(Records excerpted from a collection)
● ● ● ●
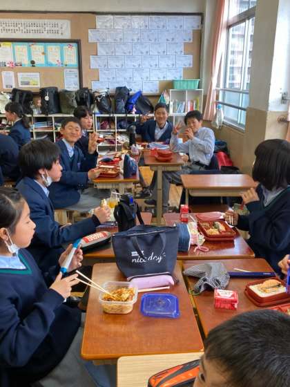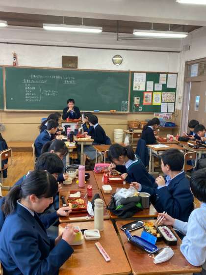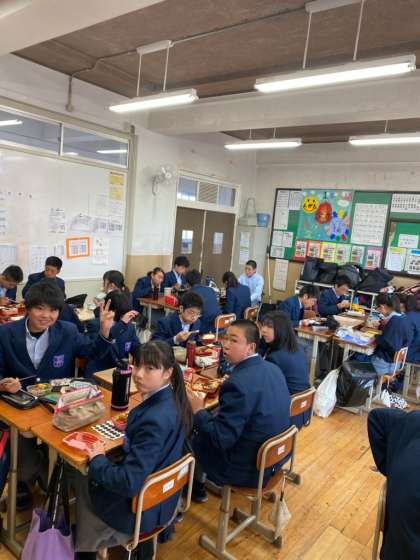 楽しい昼食の時間です。班ごとにおしゃべりしながら楽しいひと時を過ごしています。カメラを向けると恥ずかしくて顔をそむける人もいましたが・・・。昼食時間にお邪魔しました!
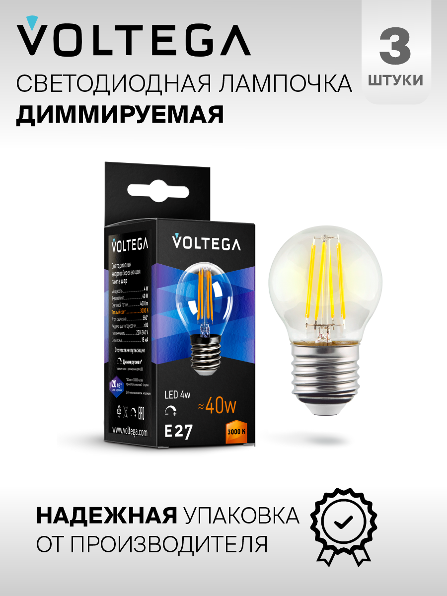 Лампочка светодиодная E27 форма шар 5W нейтральный белый свет Voltega Crystal Globe 4000K упаковка 3 штуки диммируемая
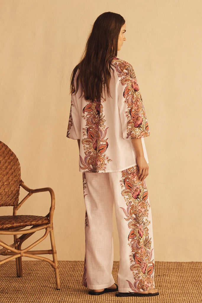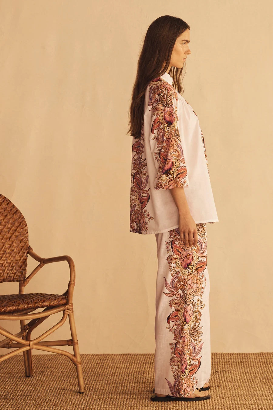 BEL FIORE TRELLIS is a celebration of nature’s beauty. Exotic florals unfold within a delicate lattice panel. Warm pinks, soft lilacs, and muted natural tones bloom against a serene coconut base, balancing structure with graceful beauty.
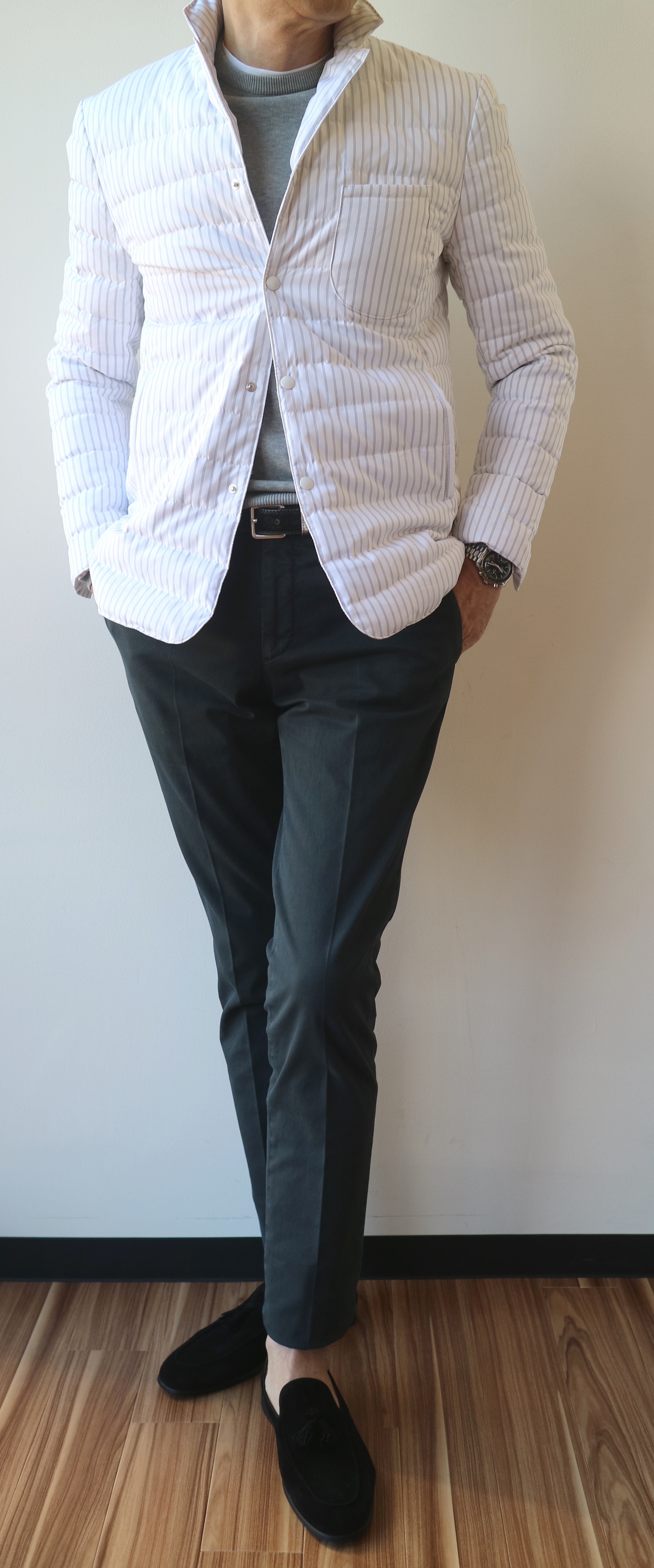 同じく、ヘルノのトレンチ風ショートコートに合わせていたパンツも【INCOTEX/インコテックス】です。写真右は、EMMETI/エンメティのライトダウンシャツジャケットに合わせてみました。見て、お分かりかと思いますが、左はサイズ44をタイトに、右はサイズ46をゆとりを持って穿いています。穿くサイズによって、若干見え方が変わります。参考までに。
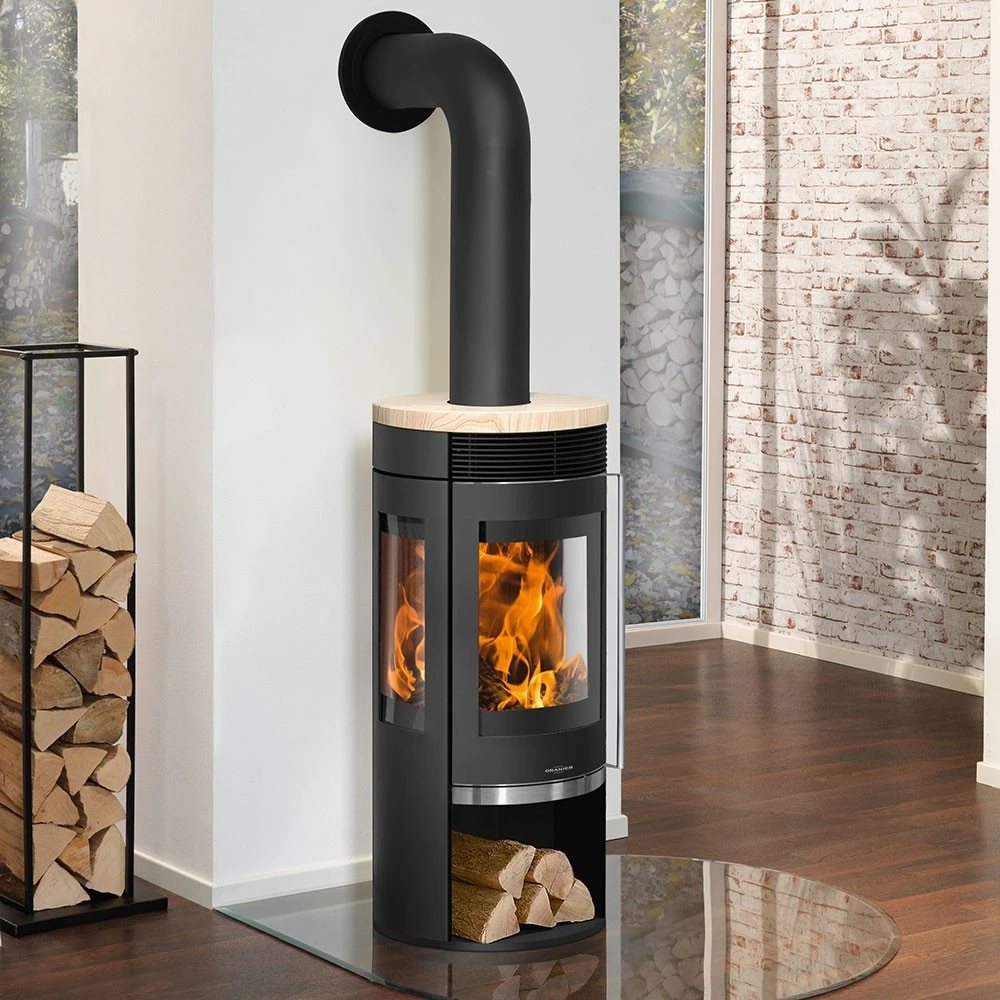 - Ein gezielt geführter Luftstrom verhindert das Kondensieren und Ablagern von Rauchgasen an der Scheibeninnenseite. Dadurch bleibt die Scheibe sauber.
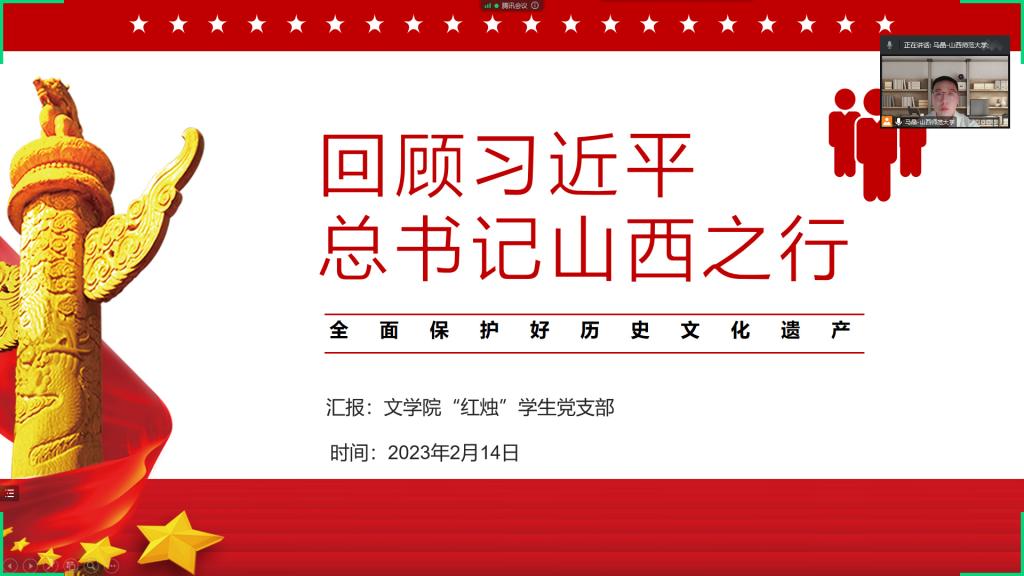 2月14日下午,DB旗舰“红烛”员工党支部在线上开展“回顾习近平总书记山西之行”主题党日活动。本次活动由王灿灿主持,支部全体党员参加。
● ● ● ●
Your objective: All entries must come back exactly as written, though without their pictures.

Exercise output:
 楽しい昼食の時間です。班ごとにおしゃべりしながら楽しいひと時を過ごしています。カメラを向けると恥ずかしくて顔をそむける人もいましたが・・・。昼食時間にお邪魔しました!
 Лампочка светодиодная E27 форма шар 5W нейтральный белый свет Voltega Crystal Globe 4000K упаковка 3 штуки диммируемая
 BEL FIORE TRELLIS is a celebration of nature’s beauty. Exotic florals unfold within a delicate lattice panel. Warm pinks, soft lilacs, and muted natural tones bloom against a serene coconut base, balancing structure with graceful beauty.
 同じく、ヘルノのトレンチ風ショートコートに合わせていたパンツも【INCOTEX/インコテックス】です。写真右は、EMMETI/エンメティのライトダウンシャツジャケットに合わせてみました。見て、お分かりかと思いますが、左はサイズ44をタイトに、右はサイズ46をゆとりを持って穿いています。穿くサイズによって、若干見え方が変わります。参考までに。
 - Ein gezielt geführter Luftstrom verhindert das Kondensieren und Ablagern von Rauchgasen an der Scheibeninnenseite. Dadurch bleibt die Scheibe sauber.
 2月14日下午,DB旗舰“红烛”员工党支部在线上开展“回顾习近平总书记山西之行”主题党日活动。本次活动由王灿灿主持,支部全体党员参加。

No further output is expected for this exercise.